■ DATASET EXTRACT ■
....................

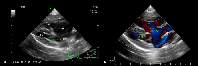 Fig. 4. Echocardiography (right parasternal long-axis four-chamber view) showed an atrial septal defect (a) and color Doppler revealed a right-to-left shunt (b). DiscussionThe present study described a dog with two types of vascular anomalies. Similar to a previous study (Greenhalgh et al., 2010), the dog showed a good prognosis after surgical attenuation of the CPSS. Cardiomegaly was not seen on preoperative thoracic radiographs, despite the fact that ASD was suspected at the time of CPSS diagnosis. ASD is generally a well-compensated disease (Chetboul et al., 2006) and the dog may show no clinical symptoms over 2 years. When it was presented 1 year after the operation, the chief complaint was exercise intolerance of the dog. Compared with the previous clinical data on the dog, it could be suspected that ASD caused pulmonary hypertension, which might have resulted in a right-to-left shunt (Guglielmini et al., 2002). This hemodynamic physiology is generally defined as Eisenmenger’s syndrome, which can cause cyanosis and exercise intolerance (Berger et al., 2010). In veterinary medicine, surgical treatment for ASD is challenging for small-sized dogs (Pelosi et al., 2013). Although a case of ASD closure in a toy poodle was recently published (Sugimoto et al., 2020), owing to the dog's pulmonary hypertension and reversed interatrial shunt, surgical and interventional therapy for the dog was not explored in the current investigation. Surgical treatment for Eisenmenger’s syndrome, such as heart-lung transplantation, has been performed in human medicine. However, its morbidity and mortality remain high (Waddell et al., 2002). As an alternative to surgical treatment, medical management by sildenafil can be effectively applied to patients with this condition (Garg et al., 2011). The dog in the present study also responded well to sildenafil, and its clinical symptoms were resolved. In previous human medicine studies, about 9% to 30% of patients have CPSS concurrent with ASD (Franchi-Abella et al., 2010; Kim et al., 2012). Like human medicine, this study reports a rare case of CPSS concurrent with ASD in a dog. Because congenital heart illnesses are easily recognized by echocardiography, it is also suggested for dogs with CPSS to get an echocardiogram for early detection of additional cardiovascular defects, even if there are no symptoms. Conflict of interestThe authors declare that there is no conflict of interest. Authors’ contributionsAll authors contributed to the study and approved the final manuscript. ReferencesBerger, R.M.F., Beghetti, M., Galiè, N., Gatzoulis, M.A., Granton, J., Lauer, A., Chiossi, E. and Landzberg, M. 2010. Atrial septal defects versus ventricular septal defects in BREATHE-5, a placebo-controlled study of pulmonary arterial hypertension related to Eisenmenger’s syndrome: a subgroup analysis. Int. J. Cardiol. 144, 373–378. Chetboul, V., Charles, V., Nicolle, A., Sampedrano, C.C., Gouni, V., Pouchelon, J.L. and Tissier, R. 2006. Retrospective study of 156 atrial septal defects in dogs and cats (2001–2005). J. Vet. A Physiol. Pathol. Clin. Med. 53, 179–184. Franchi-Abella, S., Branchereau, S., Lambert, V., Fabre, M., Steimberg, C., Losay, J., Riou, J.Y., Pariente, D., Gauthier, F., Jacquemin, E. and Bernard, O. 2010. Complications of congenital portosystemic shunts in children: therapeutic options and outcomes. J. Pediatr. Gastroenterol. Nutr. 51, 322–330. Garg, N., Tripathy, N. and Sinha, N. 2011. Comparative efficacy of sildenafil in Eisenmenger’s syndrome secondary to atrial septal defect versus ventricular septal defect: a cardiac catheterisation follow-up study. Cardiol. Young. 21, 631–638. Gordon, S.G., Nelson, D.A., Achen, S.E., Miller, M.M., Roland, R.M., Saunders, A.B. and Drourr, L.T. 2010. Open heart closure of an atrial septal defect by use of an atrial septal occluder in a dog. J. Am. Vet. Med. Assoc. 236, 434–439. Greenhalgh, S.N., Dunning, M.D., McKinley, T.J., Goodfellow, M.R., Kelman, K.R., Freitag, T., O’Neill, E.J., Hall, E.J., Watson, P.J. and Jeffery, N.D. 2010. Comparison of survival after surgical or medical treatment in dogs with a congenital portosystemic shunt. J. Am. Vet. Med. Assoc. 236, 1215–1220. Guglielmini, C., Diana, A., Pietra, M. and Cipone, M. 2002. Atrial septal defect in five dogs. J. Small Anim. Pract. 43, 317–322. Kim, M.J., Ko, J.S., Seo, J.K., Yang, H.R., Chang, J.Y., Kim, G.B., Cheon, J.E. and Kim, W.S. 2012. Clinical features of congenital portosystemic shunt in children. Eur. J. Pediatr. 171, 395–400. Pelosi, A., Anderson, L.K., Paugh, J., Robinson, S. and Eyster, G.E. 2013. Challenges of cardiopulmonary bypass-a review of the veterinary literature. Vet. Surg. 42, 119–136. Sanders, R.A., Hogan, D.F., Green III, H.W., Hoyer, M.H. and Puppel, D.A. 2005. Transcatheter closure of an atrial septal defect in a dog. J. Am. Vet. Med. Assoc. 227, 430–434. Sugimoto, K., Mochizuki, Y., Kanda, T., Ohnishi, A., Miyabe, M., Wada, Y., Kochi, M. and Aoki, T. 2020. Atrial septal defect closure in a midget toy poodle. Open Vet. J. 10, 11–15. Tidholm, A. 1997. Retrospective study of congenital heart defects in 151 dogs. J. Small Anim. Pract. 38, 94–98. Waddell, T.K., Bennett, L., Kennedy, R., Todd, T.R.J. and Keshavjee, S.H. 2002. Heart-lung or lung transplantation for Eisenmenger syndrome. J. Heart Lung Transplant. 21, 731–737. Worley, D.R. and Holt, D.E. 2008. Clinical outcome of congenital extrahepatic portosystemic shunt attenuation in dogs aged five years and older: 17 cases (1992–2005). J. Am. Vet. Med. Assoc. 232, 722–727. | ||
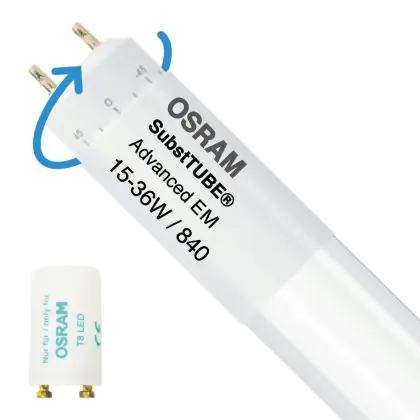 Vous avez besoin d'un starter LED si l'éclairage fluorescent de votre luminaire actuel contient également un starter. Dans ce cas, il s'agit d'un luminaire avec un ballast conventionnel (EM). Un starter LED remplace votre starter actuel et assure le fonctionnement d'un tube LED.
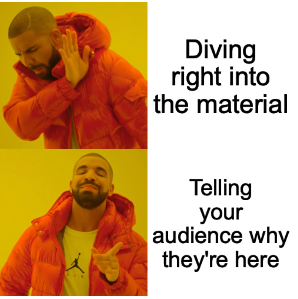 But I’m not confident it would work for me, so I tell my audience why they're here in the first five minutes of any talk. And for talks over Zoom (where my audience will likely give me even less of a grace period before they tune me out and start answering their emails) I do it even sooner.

....................

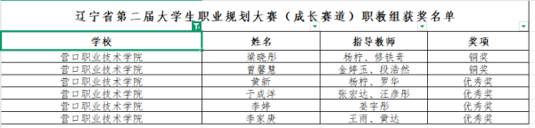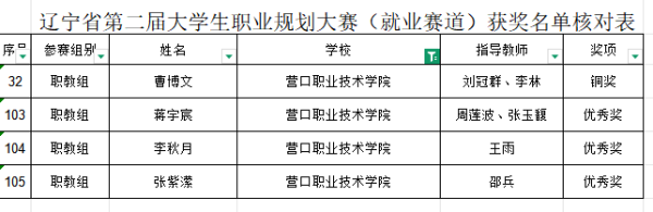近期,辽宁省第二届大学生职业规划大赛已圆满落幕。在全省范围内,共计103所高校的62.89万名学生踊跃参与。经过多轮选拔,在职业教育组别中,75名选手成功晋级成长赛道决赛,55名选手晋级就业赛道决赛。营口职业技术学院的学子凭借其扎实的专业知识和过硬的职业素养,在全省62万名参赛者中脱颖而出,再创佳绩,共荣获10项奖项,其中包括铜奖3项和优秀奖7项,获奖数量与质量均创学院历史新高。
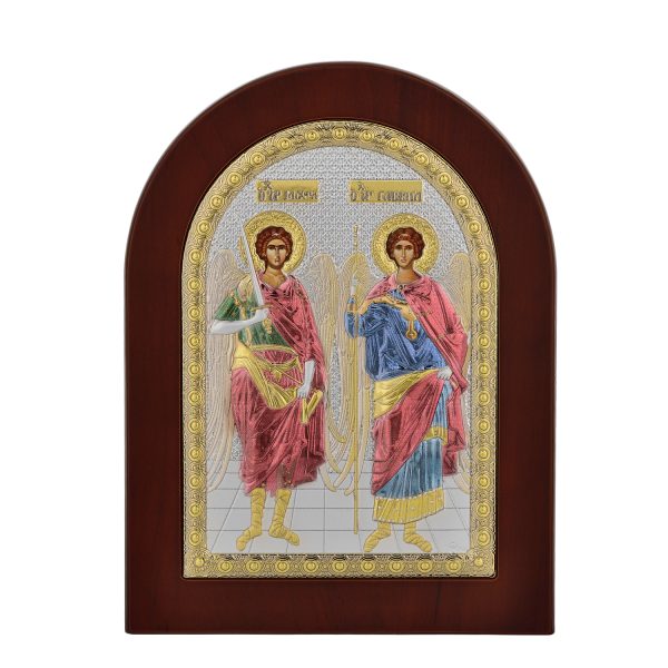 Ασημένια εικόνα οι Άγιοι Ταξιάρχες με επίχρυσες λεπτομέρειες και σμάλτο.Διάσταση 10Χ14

....................

■ EXERCISE BRIEF ■
In the data above, find the line containing "近期,辽宁省第二届大学生职业" and the line containing "Ασημένια εικόνα οι". Copy exactly the stretch from the first through the second, both included, leaving out any picture.

■ TASK RESULT ■
近期,辽宁省第二届大学生职业规划大赛已圆满落幕。在全省范围内,共计103所高校的62.89万名学生踊跃参与。经过多轮选拔,在职业教育组别中,75名选手成功晋级成长赛道决赛,55名选手晋级就业赛道决赛。营口职业技术学院的学子凭借其扎实的专业知识和过硬的职业素养,在全省62万名参赛者中脱颖而出,再创佳绩,共荣获10项奖项,其中包括铜奖3项和优秀奖7项,获奖数量与质量均创学院历史新高。
 Ασημένια εικόνα οι Άγιοι Ταξιάρχες με επίχρυσες λεπτομέρειες και σμάλτο.Διάσταση 10Χ14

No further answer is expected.